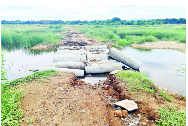
కుశ్యుల నదికి వెళ్లాలంటే దారి లేదు.. విజయపురం మండలంలోని కేవల శ్రీరామపురం కుశ్యుల నదిలో వెళ్లడానికి దారి లేదు. ఇటీవల ఇసుక తరలింపకుండా అధికారులు దారిని మూసి వేశారు. అంతే కాకుండా ఇటీవల వరదల రైతు తన ట్రాక్టర్ ను నదిలోకి తీసుకెళ్లి ఇసుక తీసుకొని వచ్చి మండలంలో రూ. 5వేలు విక్రయించుకొని సొమ్ము చేసుకొంటున్నారు. ఎందుకంటే తన ట్రాక్టర్ తప్ప, మిగిలిన వారు ఎవ్వరూ ఆ దారిలో వెళ్లకూడదని ఆ రైతు హెచ్చరిస్తున్నాడు. వెళితే ఓట్రాక్టరుకు రూ. 500 చూసాలు చేస్తున్నాడు. దీంతో ఇసుకకు డిమాండ్ ఎక్కువైంది. ఇప్పటికైనా అధికారులు కుశ్యుల నదిలో దారి ఏర్పాటు చేస్తే ఇసుక ఉచితంగా లభిస్తుందని వెంటనే దారి ఏర్పాటు చేయాలని ట్రాక్టర్ యజమానులు కోరుతున్నారు.

శ్రీ కుశ్యులలో ఇసుక వున్నా దారి లేదు.. శ్రీ ఓ రైతు పొలంపై వెళ్లాలంటే శ్రీవుక్తు రూ. 500 చెల్లించాలి శ్రీ టి.డి.పి నాయకులకు ఒత్పాను పలుకుతున్న అధికారులు ప్రజాశక్తి -విజయపురం: రాష్ట్ర ప్రభుత్వం ఇసుక ఉచితం అని చెప్పినా విజయపురం మండలంలో అది ఎక్కడా అమలు కావడం లేదు. కేవల శ్రీరామపురం వద్ద కుశ్యుల నదిలో ఇసుక వుంది. కానీ ట్రాక్టర్ వెళ్లడానికి దారి లేదు. దీంతో ఇసుక దొరకడం కష్టంగా మారింది. దీన్ని అదునుగా తీసుకొని కొందరు ట్రాక్టర్ యజమానులు ట్రాక్టర్ ఇసుకను రూ. 5 వేలుకు అమ్ముకొంటున్నారు. అయితే ఈ విషయం అధికారుల దృష్టికి తీసుకెళ్లాలి.. రూ. 5వేలుకు ఇసుక అమ్ముతున్న వారి వద్ద ఇసుక కొనుగోలు చేయవద్దని ఉచిత సలహా ఇస్తున్నారే తప్ప 70% ఎక్కువ ధరకు ఇసుక అమ్ముతున్న ట్రాక్టర్ యజమాన్యంపై ఎలాంటి చర్యలు తీసుకోకపోవడంపై స్థానిక ప్రజలు అసహనాలు వ్యక్తం చేస్తున్నారు. కుశ్యుల నదికి వెళ్లాలంటే దారి లేదు.. విజయపురం మండలంలోని కేవల శ్రీరామపురం కుశ్యుల నదిలో వెళ్లడానికి దారి లేదు. ఇటీవల ఇసుక తరలింపకుండా అధికారులు దారిని మూసి వేశారు. అంతే కాకుండా ఇటీవల వరదల రైతు తన ట్రాక్టర్ ను నదిలోకి తీసుకెళ్లి ఇసుక తీసుకొని వచ్చి మండలంలో రూ. 5వేలు విక్రయించుకొని సొమ్ము చేసుకొంటున్నారు. ఎందుకంటే తన ట్రాక్టర్ తప్ప, మిగిలిన వారు ఎవ్వరూ ఆ దారిలో వెళ్లకూడదని ఆ రైతు హెచ్చరిస్తున్నాడు. వెళితే ఓట్రాక్టరుకు రూ. 500 చూసాలు చేస్తున్నాడు. దీంతో ఇసుకకు డిమాండ్ ఎక్కువైంది. ఇప్పటికైనా అధికారులు కుశ్యుల నదిలో దారి ఏర్పాటు చేస్తే ఇసుక ఉచితంగా లభిస్తుందని వెంటనే దారి ఏర్పాటు చేయాలని ట్రాక్టర్ యజమానులు కోరుతున్నారు.
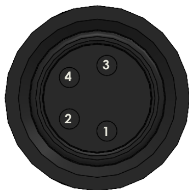
DETTAGLIO A SCALA 5 : 1
- - -
▶ **What you need to do**:
Write out every line above again exactly, with the pictures left out.

▶ **Solution for this exercise**:
కుశ్యుల నదికి వెళ్లాలంటే దారి లేదు.. విజయపురం మండలంలోని కేవల శ్రీరామపురం కుశ్యుల నదిలో వెళ్లడానికి దారి లేదు. ఇటీవల ఇసుక తరలింపకుండా అధికారులు దారిని మూసి వేశారు. అంతే కాకుండా ఇటీవల వరదల రైతు తన ట్రాక్టర్ ను నదిలోకి తీసుకెళ్లి ఇసుక తీసుకొని వచ్చి మండలంలో రూ. 5వేలు విక్రయించుకొని సొమ్ము చేసుకొంటున్నారు. ఎందుకంటే తన ట్రాక్టర్ తప్ప, మిగిలిన వారు ఎవ్వరూ ఆ దారిలో వెళ్లకూడదని ఆ రైతు హెచ్చరిస్తున్నాడు. వెళితే ఓట్రాక్టరుకు రూ. 500 చూసాలు చేస్తున్నాడు. దీంతో ఇసుకకు డిమాండ్ ఎక్కువైంది. ఇప్పటికైనా అధికారులు కుశ్యుల నదిలో దారి ఏర్పాటు చేస్తే ఇసుక ఉచితంగా లభిస్తుందని వెంటనే దారి ఏర్పాటు చేయాలని ట్రాక్టర్ యజమానులు కోరుతున్నారు.

శ్రీ కుశ్యులలో ఇసుక వున్నా దారి లేదు.. శ్రీ ఓ రైతు పొలంపై వెళ్లాలంటే శ్రీవుక్తు రూ. 500 చెల్లించాలి శ్రీ టి.డి.పి నాయకులకు ఒత్పాను పలుకుతున్న అధికారులు ప్రజాశక్తి -విజయపురం: రాష్ట్ర ప్రభుత్వం ఇసుక ఉచితం అని చెప్పినా విజయపురం మండలంలో అది ఎక్కడా అమలు కావడం లేదు. కేవల శ్రీరామపురం వద్ద కుశ్యుల నదిలో ఇసుక వుంది. కానీ ట్రాక్టర్ వెళ్లడానికి దారి లేదు. దీంతో ఇసుక దొరకడం కష్టంగా మారింది. దీన్ని అదునుగా తీసుకొని కొందరు ట్రాక్టర్ యజమానులు ట్రాక్టర్ ఇసుకను రూ. 5 వేలుకు అమ్ముకొంటున్నారు. అయితే ఈ విషయం అధికారుల దృష్టికి తీసుకెళ్లాలి.. రూ. 5వేలుకు ఇసుక అమ్ముతున్న వారి వద్ద ఇసుక కొనుగోలు చేయవద్దని ఉచిత సలహా ఇస్తున్నారే తప్ప 70% ఎక్కువ ధరకు ఇసుక అమ్ముతున్న ట్రాక్టర్ యజమాన్యంపై ఎలాంటి చర్యలు తీసుకోకపోవడంపై స్థానిక ప్రజలు అసహనాలు వ్యక్తం చేస్తున్నారు. కుశ్యుల నదికి వెళ్లాలంటే దారి లేదు.. విజయపురం మండలంలోని కేవల శ్రీరామపురం కుశ్యుల నదిలో వెళ్లడానికి దారి లేదు. ఇటీవల ఇసుక తరలింపకుండా అధికారులు దారిని మూసి వేశారు. అంతే కాకుండా ఇటీవల వరదల రైతు తన ట్రాక్టర్ ను నదిలోకి తీసుకెళ్లి ఇసుక తీసుకొని వచ్చి మండలంలో రూ. 5వేలు విక్రయించుకొని సొమ్ము చేసుకొంటున్నారు. ఎందుకంటే తన ట్రాక్టర్ తప్ప, మిగిలిన వారు ఎవ్వరూ ఆ దారిలో వెళ్లకూడదని ఆ రైతు హెచ్చరిస్తున్నాడు. వెళితే ఓట్రాక్టరుకు రూ. 500 చూసాలు చేస్తున్నాడు. దీంతో ఇసుకకు డిమాండ్ ఎక్కువైంది. ఇప్పటికైనా అధికారులు కుశ్యుల నదిలో దారి ఏర్పాటు చేస్తే ఇసుక ఉచితంగా లభిస్తుందని వెంటనే దారి ఏర్పాటు చేయాలని ట్రాక్టర్ యజమానులు కోరుతున్నారు.
DETTAGLIO A SCALA 5 : 1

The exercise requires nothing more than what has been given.